Slowest Key

Slowest Key - Problem

Array String Easy

A newly designed keypad was tested, where a tester pressed a sequence of n keys, one at a time.

You are given a string keysPressed of length n, where keysPressed[i] was the ith key pressed in the testing sequence, and a sorted list releaseTimes, where releaseTimes[i] was the time the ith key was released. Both arrays are 0-indexed. The 0th key was pressed at the time 0, and every subsequent key was pressed at the exact time the previous key was released.

The tester wants to know the key of the keypress that had the longest duration. The ith keypress had a duration of releaseTimes[i] - releaseTimes[i - 1], and the 0th keypress had a duration of releaseTimes[0].

Note that the same key could have been pressed multiple times during the test, and these multiple presses of the same key may not have had the same duration.

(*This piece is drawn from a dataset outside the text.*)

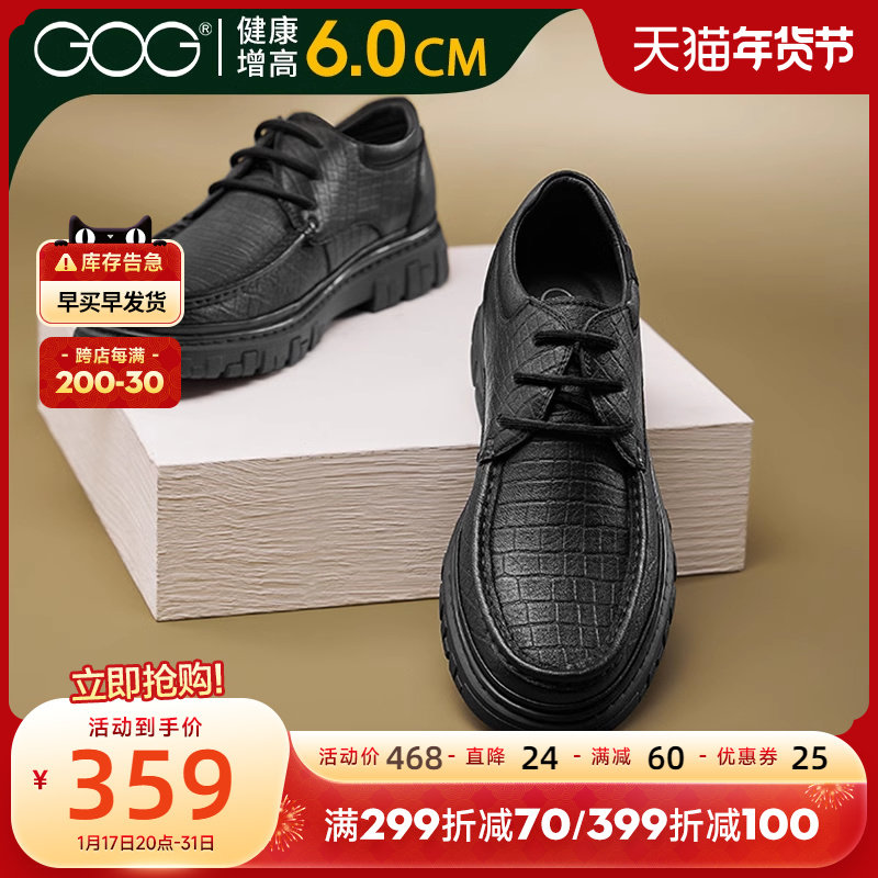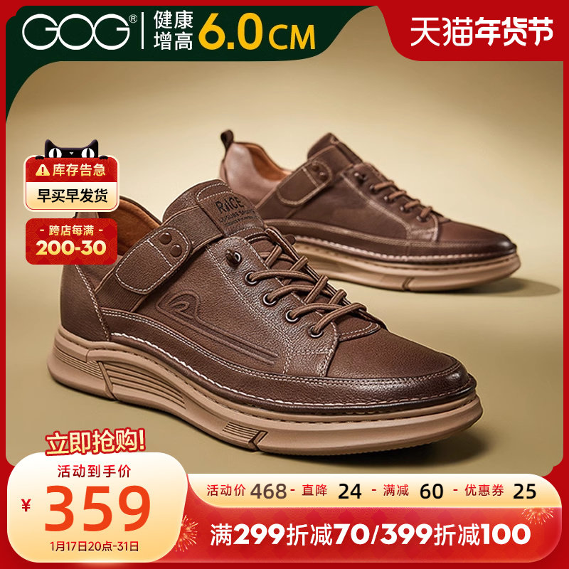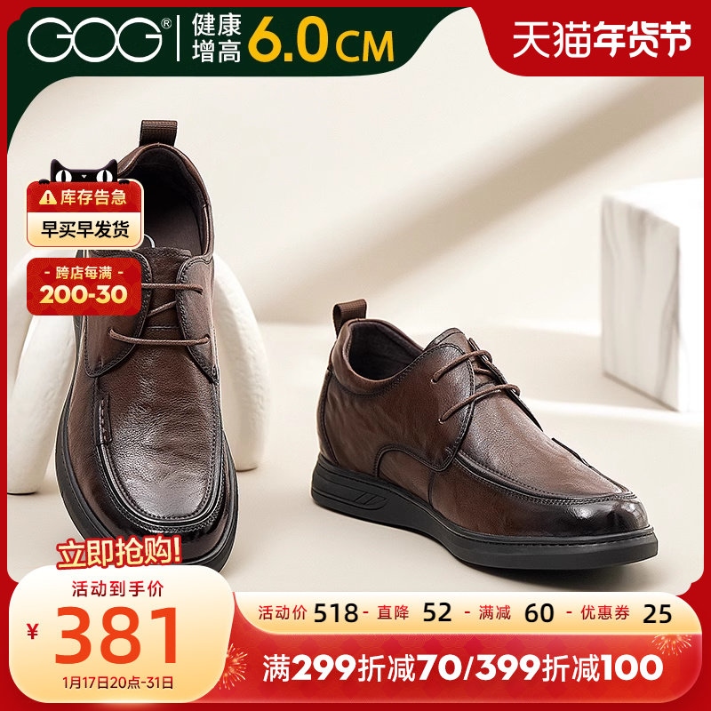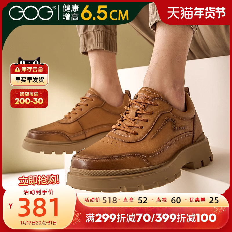 高哥隐形增高鞋男英伦风真皮男鞋软底软面爸爸鞋内增高休闲皮鞋

Return the key of the keypress that had the longest duration. If there are multiple such keypresses, return the lexicographically largest key of the keypresses.

Input & Output

Example 1 — Basic Case

$ Input: releaseTimes = [9,12,16,20], keysPressed = "abcd"

› Output: d

💡 Note: Durations: a=9, b=12-9=3, c=16-12=4, d=20-16=4. Maximum duration is 4. Both 'c' and 'd' have duration 4, and 'd' > 'c' lexicographically, so we return 'd'.

Example 2 — Lexicographical Tie

$ Input: releaseTimes = [12,23,36,46,62], keysPressed = "spuda"

› Output: a

💡 Note: Durations: s=12, p=11, u=13, d=10, a=16. Maximum duration is 16 for key 'a'.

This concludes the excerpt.